Devaux Jérôme, Dhifallah Sandra, De Maria Michela, Stuart-Lopez Geoffrey, Becq Hélène, Milh Mathieu, Molinari Florence, Aniksztejn Laurent
CNRS, CRN2M-UMR7286, Aix-Marseille University, Marseille, France.
INSERM UMR_S901, Mediterranean Neurobiology Institute (INMED), Aix-Marseille University, Marseille, France.
Epilepsia. 2017 Dec;58(12):2073-2084. doi: 10.1111/epi.13927. Epub 2017 Oct 25.
Kv7 channels mediate the voltage-gated M-type potassium current. Reduction of M current due to KCNQ2 mutations causes early onset epileptic encephalopathies (EOEEs). Mutations in STXBP1 encoding the syntaxin binding protein 1 can produce a phenotype similar to that of KCNQ2 mutations, suggesting a possible link between STXBP1 and Kv7 channels. These channels are known to be modulated by syntaxin-1A (Syn-1A) that binds to the C-terminal domain of the Kv7.2 subunit and strongly inhibits M current. Here, we investigated whether STXBP1could prevent this inhibitory effect of Syn-1A and analyzed the consequences of two mutations in STXBP1 associated with EOEEs.

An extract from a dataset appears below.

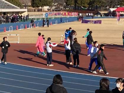 砧中女子チームも、1区の選手がコーチの指示を仰ぎなからアップ開始しています!

Electrophysiologic analysis of M currents mediated by homomeric Kv7.2 or heteromeric Kv7.2/Kv7.3 channels in Chinese hamster ovary (CHO) cells coexpressing Syn-1A and/or STXBP1 or mutants STXBP1 p.W28* and p.P480L. Expression and interaction of these different proteins have been investigated using biochemical and co-immunoprecipitation experiments.
Syn-1A decreased M currents mediated by Kv7.2 or Kv7.2/Kv7.3 channels. STXBP1 had no direct effects on M current but dampened the inhibition produced by Syn-1A by abrogating Syn-1A binding to Kv7 channels. The mutation p.W28*, but not p.P480L, failed to rescue M current from Syn-1A inhibition. Biochemical analysis showed that unlike the mutation p.W28*, the mutation p.P480L did not affect STXBP1 expression and reduced the interaction of Syn-1A with Kv7 channels.
These data indicate that there is a functional link between STXBP1 and Kv7 channels via Syn-1A, which may be important for regulating M-channel activity and neuronal excitability. They suggest also that a defect in Kv7 channel activity or regulation could be one of the consequences of some STXBP1 mutations associated with EOEEs. Furthermore, our data reveal that STXBP1 mutations associated with the Ohtahara syndrome do not necessarily result in protein haploinsufficiency.
Kv7通道介导电压门控M型钾电流。KCNQ2突变导致的M电流减少会引发早发性癫痫性脑病(EOEEs)。编码 syntaxin结合蛋白1的STXBP1突变可产生与KCNQ2突变相似的表型,提示STXBP1与Kv7通道之间可能存在联系。已知这些通道受 syntaxin-1A(Syn-1A)调节,Syn-1A与Kv7.2亚基的C末端结构域结合并强烈抑制M电流。在此,我们研究了STXBP1是否能阻止Syn-1A的这种抑制作用,并分析了与EOEEs相关的STXBP1中的两个突变的后果。
对在中国仓鼠卵巢(CHO)细胞中共表达Syn-1A和/或STXBP1或突变体STXBP1 p.W28*和p.P480L的同聚体Kv7.2或异聚体Kv7.2/Kv7.3通道介导的M电流进行电生理分析。使用生化和免疫共沉淀实验研究了这些不同蛋白质的表达和相互作用。
Syn-1A降低了由Kv7.2或Kv7.2/Kv7.3通道介导的M电流。STXBP1对M电流没有直接影响,但通过消除Syn-1A与Kv7通道的结合减轻了Syn-1A产生的抑制作用。突变p.W28不能从Syn-1A抑制中挽救M电流,而p.P480L则可以。生化分析表明,与突变p.W28不同,突变p.P480L不影响STXBP1的表达,并减少了Syn-1A与Kv7通道的相互作用。
这些数据表明STXBP1与Kv7通道之间通过Syn-1A存在功能联系,这可能对调节M通道活性和神经元兴奋性很重要。它们还表明,Kv7通道活性或调节缺陷可能是与EOEEs相关的一些STXBP1突变的后果之一。此外,我们的数据表明与大田原综合征相关的STXBP1突变不一定导致蛋白质单倍剂量不足。